Background and recording 
This album's recording and the preceding seven-show European tour by Fripp and Eno marked Fripp's first output after disbanding King Crimson and his last before temporarily retiring from music (at the time thought to be permanently) to study at the International Academy for Continuous Education in Sherborne House.

Content 
AllMusic described Evening Star as "a less harsh, more varied affair, closer to Eno's then-developing idea of ambient music than what had come before in (No Pussyfooting)". The first three tracks are serene, gentle tape-looped guitar textures performed by Fripp and accented with treatments, synthesizer and piano by Eno. Track four, "Wind on Wind", is a short excerpt from Eno's solo project Discreet Music, released a week after Evening Star. It is not an exact duplication from that release, being mixed slightly differently.
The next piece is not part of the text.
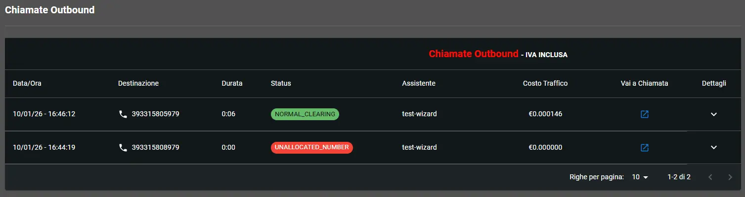 Nelle Chiamate Outbound, invece, sono visibili tutte le chiamate originate dal sistema, con il relativo esito (risposta, mancata risposta, occupato, ecc.), anche se successivamente la chiamata è stata presa in carico dall’assistente AI.

Eno had originally intended Fripp to use the material which became Discreet Music as a backing tape to play over in improvised live performances.

The second half of the album is a twenty-eight-minute piece of drone music titled "An Index of Metals", in which guitar notes are accumulated in a loop, with distortion increasing as the track progresses.

The album's cover is a painting by the artist Peter Schmidt.

Release 

Evening Star was released in December 1975 by Island Records.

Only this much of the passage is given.